Still Star-Crossed does a fantastic job staying true to Shakespeare’s Romeo & Juliet, especially in the way it is written. While I do think that is a good thing (and also says lots about author Melinda Taub’s writing talent), I believe the flowery dialogue will scare off some potential readers.

AUTHOR: Melinda Taub
SERIES: none
PUBLISHER: Delacorte Press
PUBLICATION DATE: July 9, 2013
ISBN: 9780385743501
PAGES: 352
SOURCE: public library Overdrive
GENRE: romance/Shakespeare spin-off
GIVE IT TO: MS, HS

SUMMARY OF STILL STAR-CROSSED

In the weeks following the deaths of Romeo and Juliet, the city of Verona is still being torn apart by endless fighting between the Capulets and the Montagues. Desperate for a solution, Prince Escalus arranges a betrothal between Rosaline (Juliet’s cousin and the girl Romeo liked before Juliet) and Benvolio (Romeo’s cousin and best friend) in the hopes that a marriage between the two houses will unite them.

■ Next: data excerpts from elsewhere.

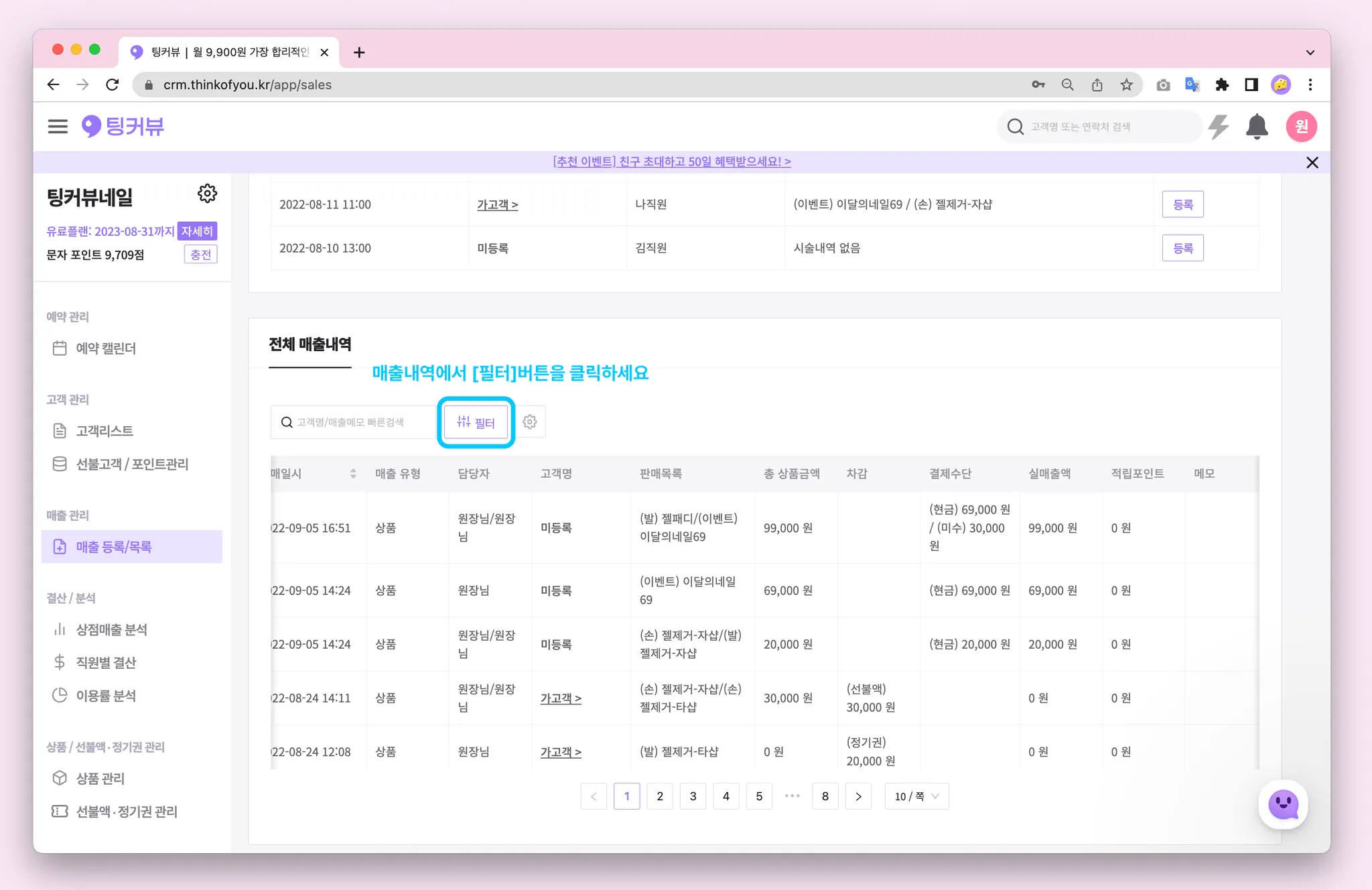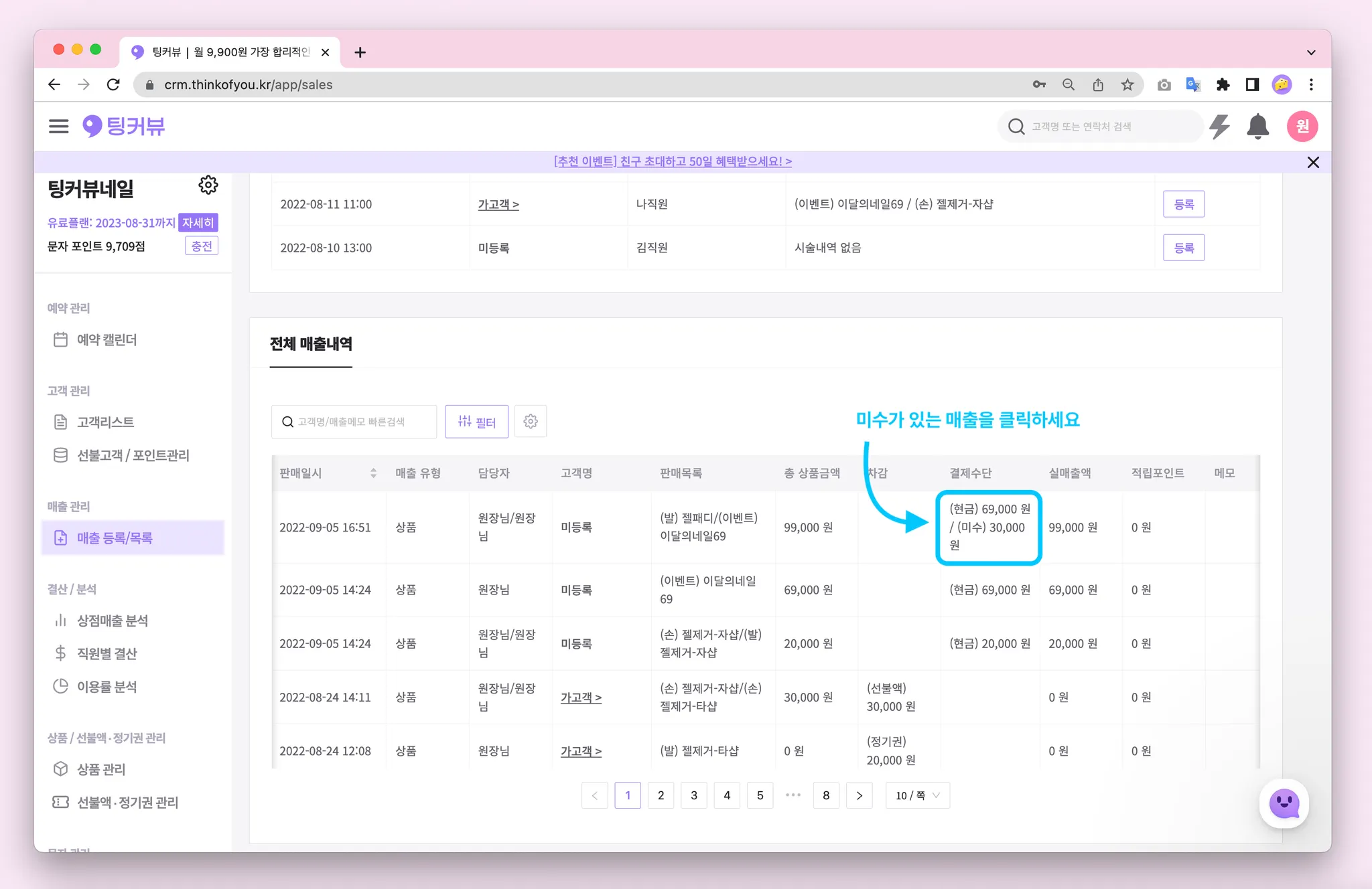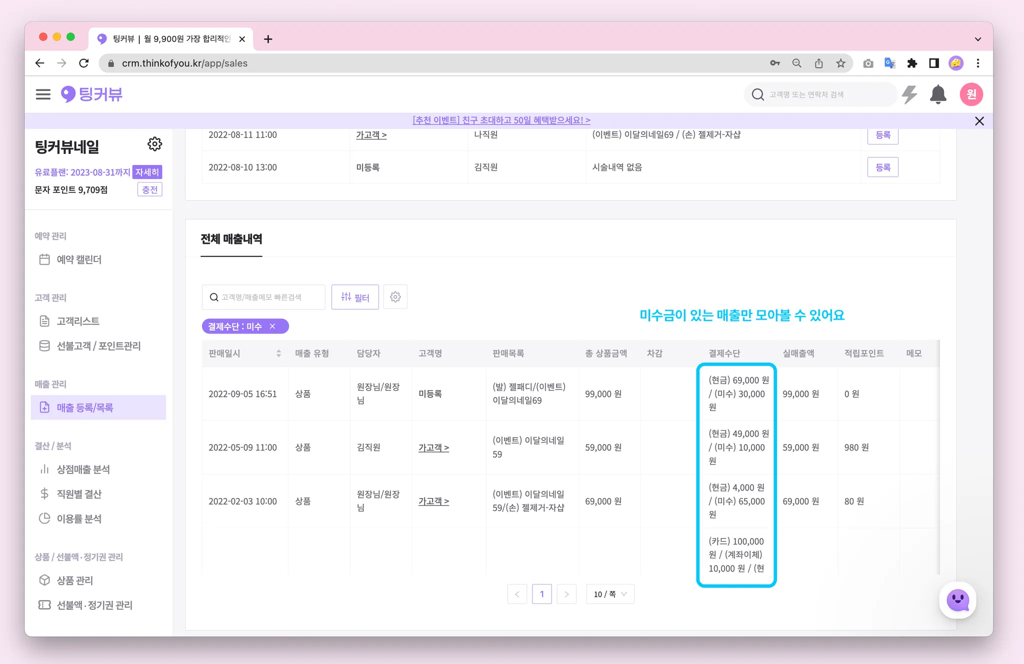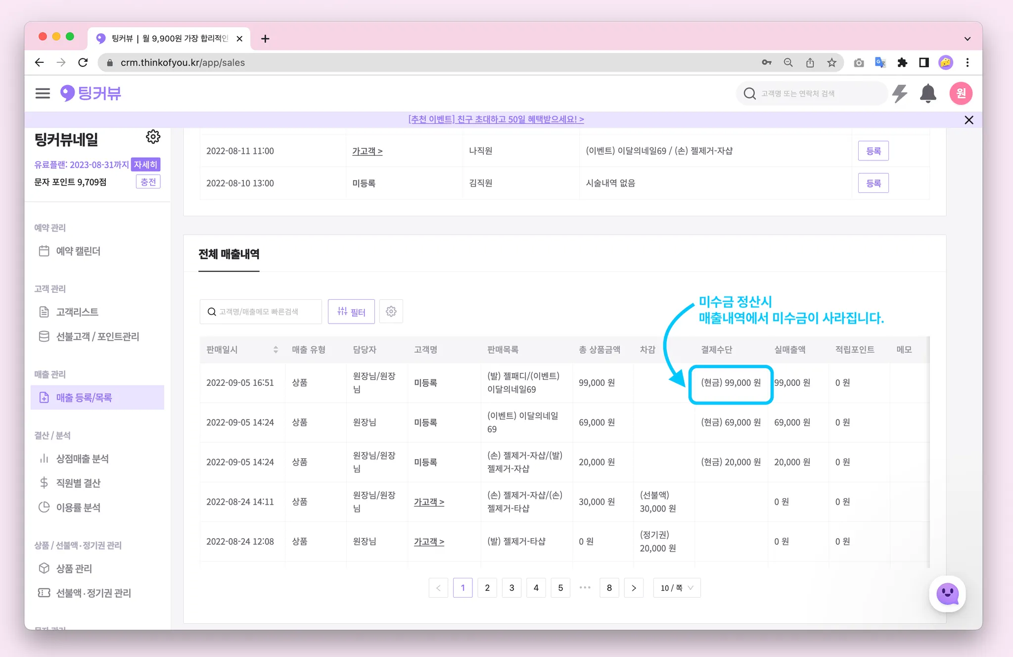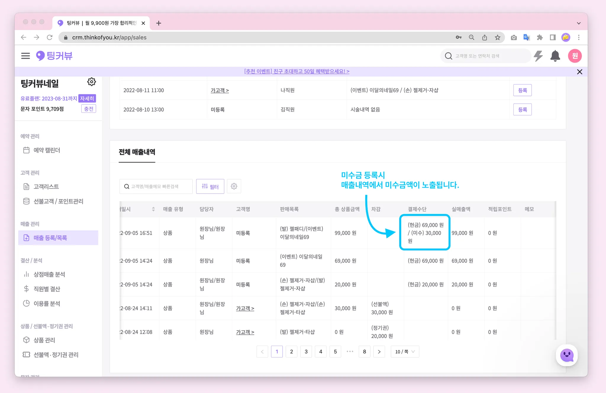 미수금 정산시 매출내역에서 미수금이 사라집니다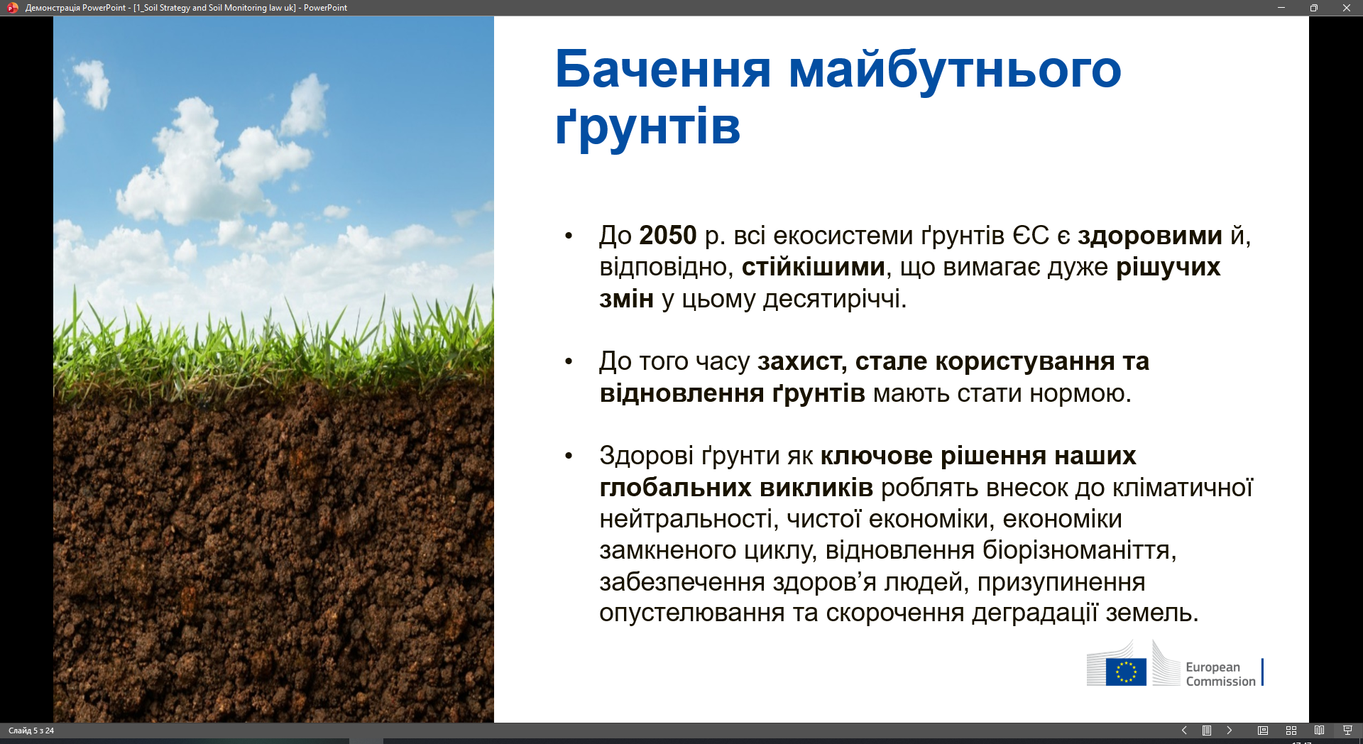 Обговорення було присвячене насамперед імплементації нової політики Європейського Союзу щодо ґрунтів. Йдеться про Європейську стратегію щодо ґрунтів до 2030 року (EU Soil Strategy for 2030), ухвалену Європейською Комісією у листопаді 2021 року, яка ставить амбітну мету — забезпечити до 2050 року здоровий стан усіх ґрунтових екосистем ЄС і надати ґрунтам рівень правового захисту, співмірний із захистом води, повітря та морського середовища. Логічним розвитком цієї стратегії стала пропозиція Директиви Європейського Парламенту та Ради про моніторинг і стійкість ґрунтів (Soil Monitoring and Resilience Directive, COM(2023) 416 final), подана 5 липня 2023 року. У 2024–2025 роках документ пройшов перше читання в Європейському Парламенті, отримав загальний підхід Ради ЄС, а 10 квітня 2025 року інституції досягли політичної домовленості щодо остаточного тексту. У жовтні 2025 року Директиву було схвалено Європейським Парламентом, а Рада офіційно її затвердила як першу в історії ЄС рамкову норму, присвячену саме ґрунтам.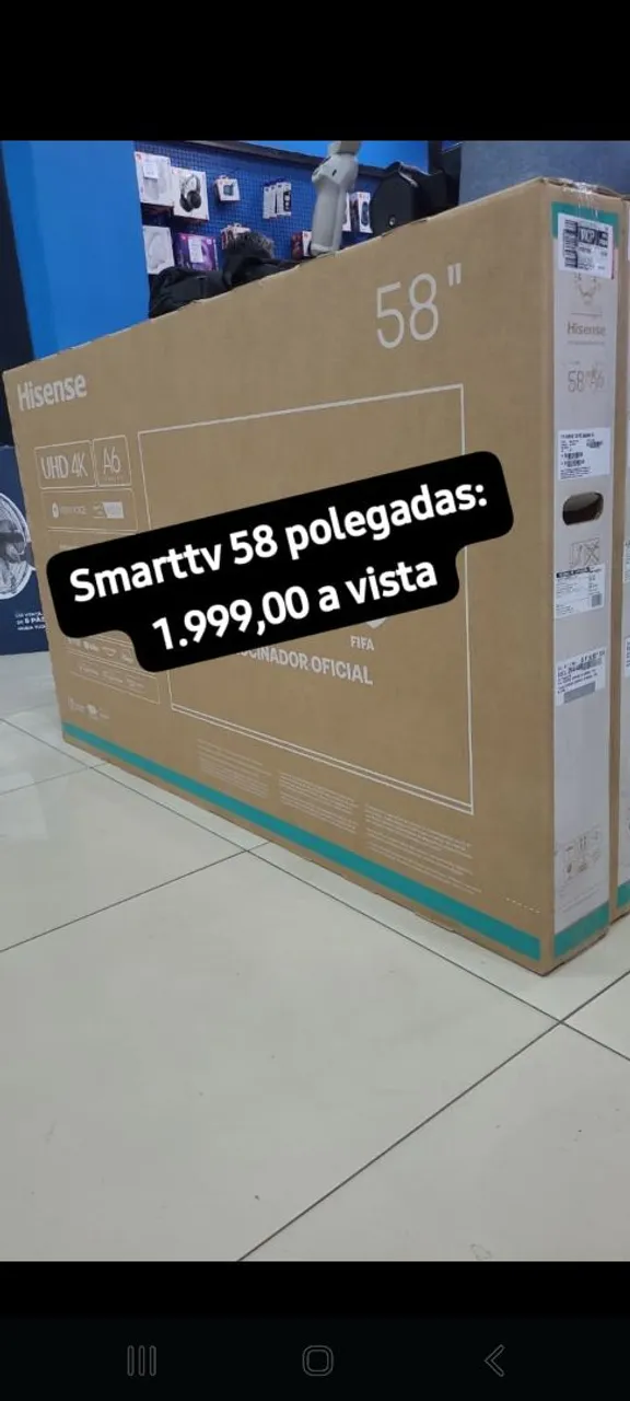 Smart TV Hisense 58 polegadas com resolução UHD 4K para uma experiência de imagem incrível. Desfrute de cores vibrantes e detalhes impressionantes em seus filmes e programas favoritos. Acompanhe a FIFA com alta qualidade!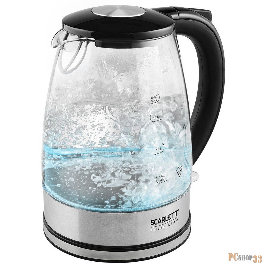 Чайник электрический Scarlett SC-EK27G95 1.7л. 2200Вт серебристый/черный (корпус: стекло)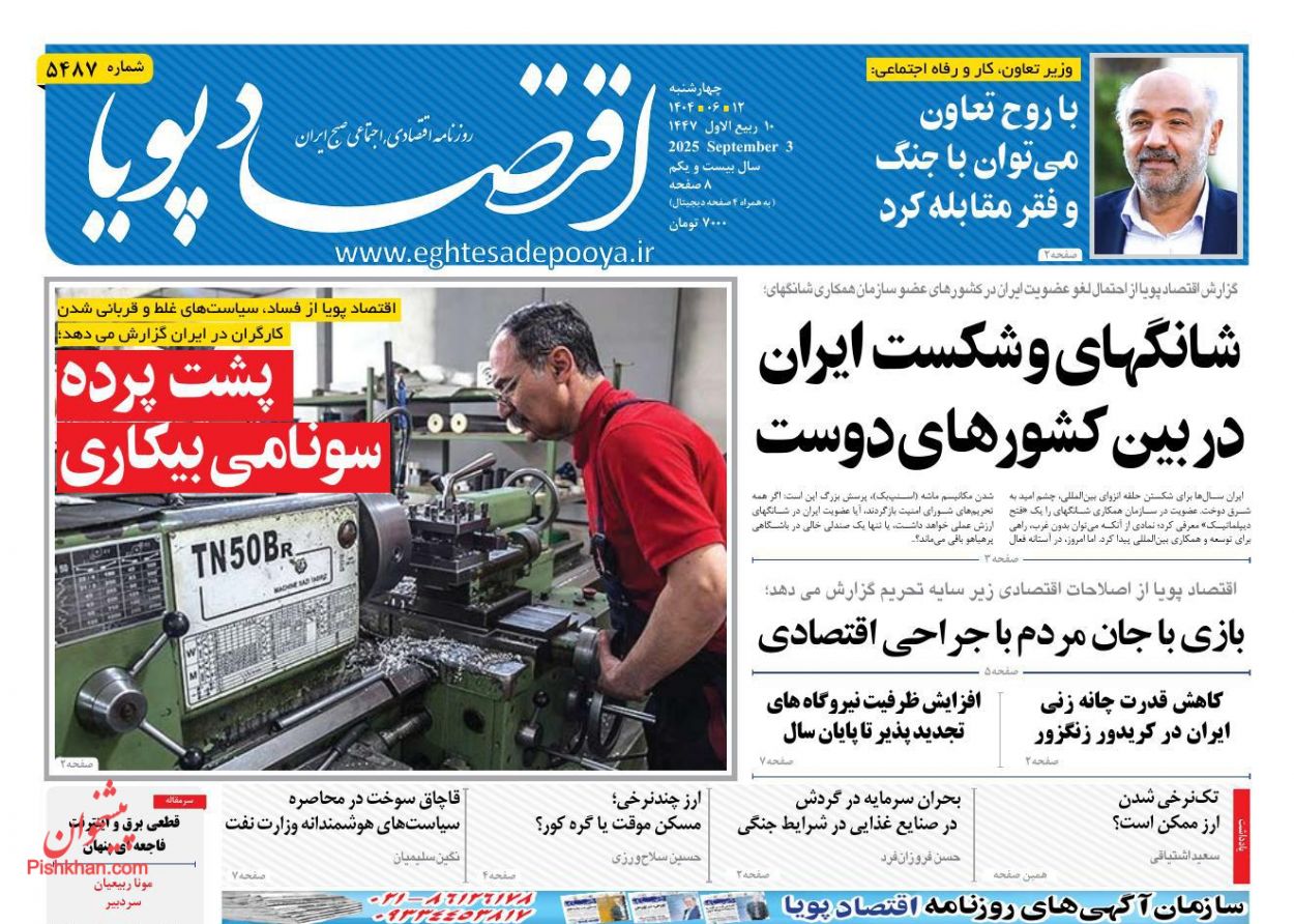 روزنامه   اقتصاد پویا در گزارشی نگاهی به بیکار شدن کارگران در ایران دارد و پشت‌پرده  سیاست‌های غلط و فساد را بررسی می‌کند.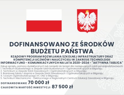 2022-11-09 Aktywna Tablica Powiat biłgorajski otrzymał wsparcie finansowe w ramach Programu „Aktywna tablica” Na podstawie umowy nr 56/AT/2022, zawartej 17 sierpnia br., z Lubelskim Kuratorem Oświaty, działającym w imieniu Wojewody Lubelskiego, powiat biłgorajski otrzymał wsparcie finansowe w wysokości 70 tys. zł. -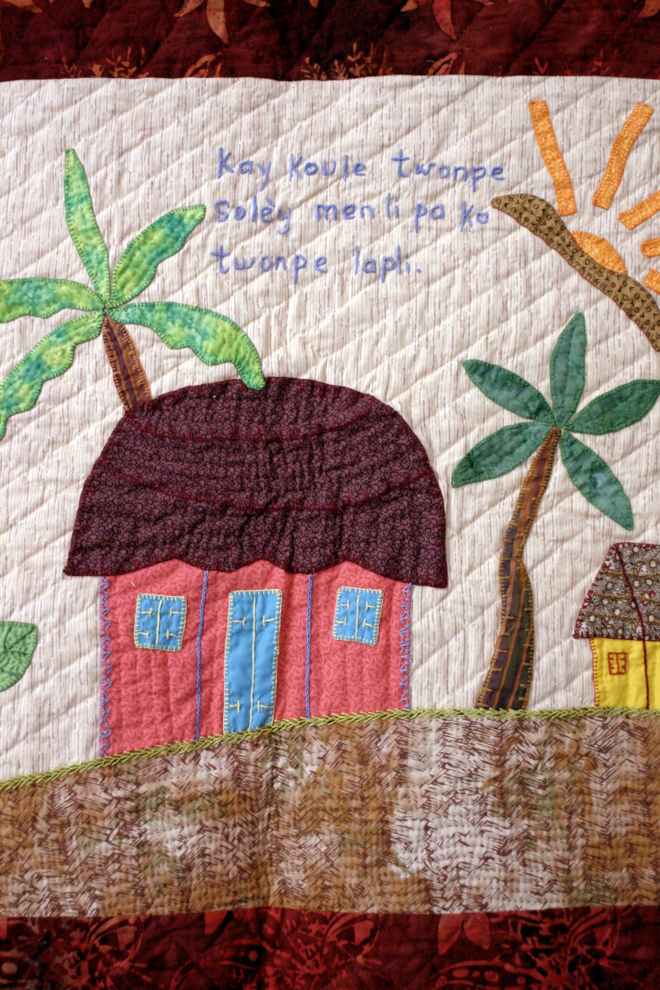 This charming quilt illustrates the Haitian proverb, 'A leaky roof may fool the sun, but can not fool the rain.' How true that is! The landscape is dotted with 'ti kay', typical country houses, with swaying trees and the sun shining overhead. Treadle-machine pieced of 100% cotton, with hand appliqué, embroidery and quilting. Sleeve on reverse for hanging. A complementary copy of Patience To Raise the Sun exhibition catalogue included with purchase. This quilt was featured in this exhibition, as well as in a special exhibit at the 2017 Houston International Quilt Festival.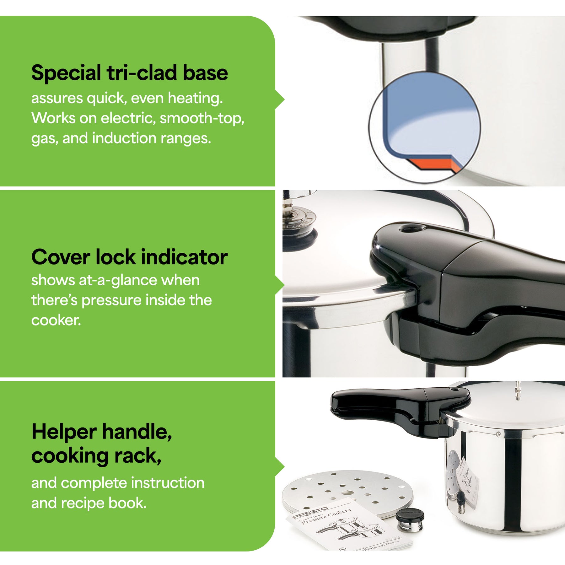 Presto 6qt Stainless Steel Pressure Cooker, Tri Clad Base, Silver (Open Box)

Too bad Rosaline and Benvolio hate each other and resist the marriage with everything they have.

IF STILL STAR-CROSSED WERE FOOD, IT WOULD BE

Red onions. Lots of flavor, but the Shakespearean language will cause some readers to make a face.

REVIEW OF STILL STAR-CROSSED

I love Shakespeare myself, but even as an adult with a degree in English, Still Star-Crossed isn’t the easiest story to read and understand. As tough as Shakespeare is for me now, it was much, much harder when I was a teen. I never would have chosen this book for myself 25 years ago.

I understand this story because I have scruntinized R & J for high school and college courses. I have seen tons of R & J spin-off movies and read lots of R & J spin-off books. All of these things give me a prior knowledge base that helps me understand character and language, which most teen readers will not yet have.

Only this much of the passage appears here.